The market outcomes that can appear at this point are somewhat binary. Either central banks continue to inject liquidity into the financial markets and the risk continues with each rally, as debt gets cheaper in real terms and discounted valuations of every asset class skyrocket, or together they take away the punch, the loan agreements and the markets witness one deflationary event similar to March 2020. While this second possibility may not occur immediately, the reality is that the domestic (US) and global economies are far too indebted together.
In this deflationary scenario, you should handle anything with counterparty risk (any asset in the extremely leveraged banking system) with extreme caution. The interconnectedness of the financial markets ensures that the contagion spreads quickly and the default / credit risk of a market participant should worry everyone.

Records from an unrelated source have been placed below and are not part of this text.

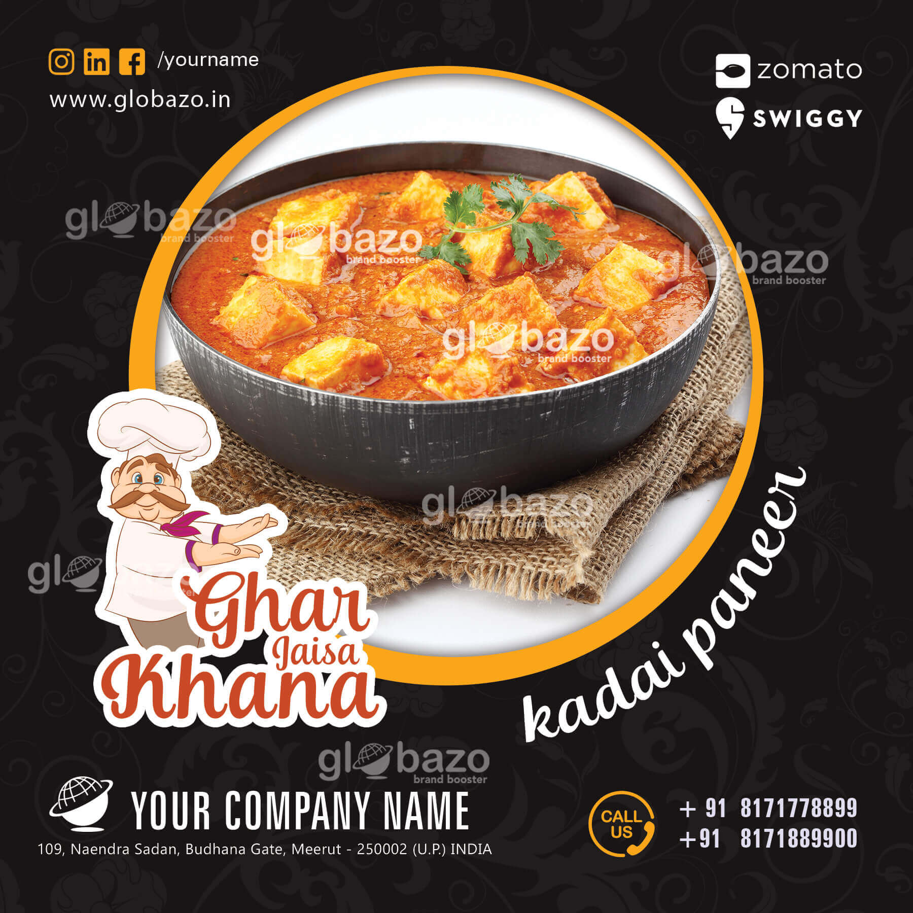 Main Course Specialty Master Dish according to your Shef/Restaurant/ Dhaba etc. under Your Brand Banner in a attractive way with Globazo.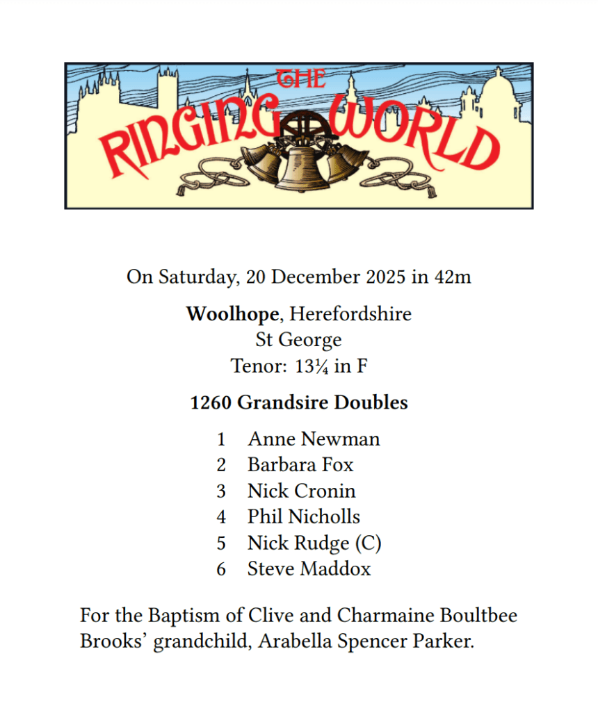 Woolhope Bell Ringers successfully completed a quarter peal at St George’s Church on Saturday 20th December 2025. This was to celebrate the baptism of Arabella Spencer Parker, granddaughter of Clive and Charmaine Boultbee Brooks, and took place before the service attended by family and friends.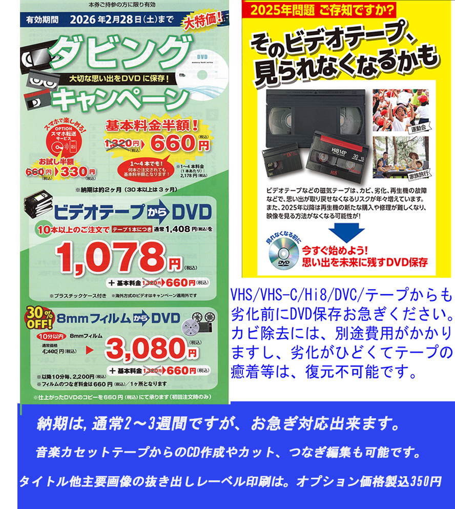 VHS再生機も消滅します。大切な動画は、今すぐにDVDダビングお奨めします。1・2本なら当日仕上げも可能、オリジナルレーベル印刷は、大好評ですよ。ご相談ください。 VHS/VHSC/DVC/HI8/動画メディアDVD-RAM VIDEO等からTV&PCのDVD作成・編集/音楽カセット/LPレコード版からの音楽CD作成。

Without going too much deeper on this matter, Bitcoin is the solution to both of these market outcomes. With Bitcoin, you are isolated from the record breaking devaluation that is occurring in the old financial markets, but you are also protected from a deflationary scenario where you are not exposed to systematic risk in the banking system due to the intrinsic self-custody nature of the network.
Conclusion: stay bullish
The fundamentals of Bitcoin and the Bitcoin network remain as strong as ever, and in hindsight, the myopia of many prominent Bitcoin skeptics will again prove to be sheer folly. The reasons to be bullish are bigger than ever, and one should expect that once Bitcoin breaks out of recent range, the monetary asset will be back in the running as the global FOMO pulls up in an unprecedented way.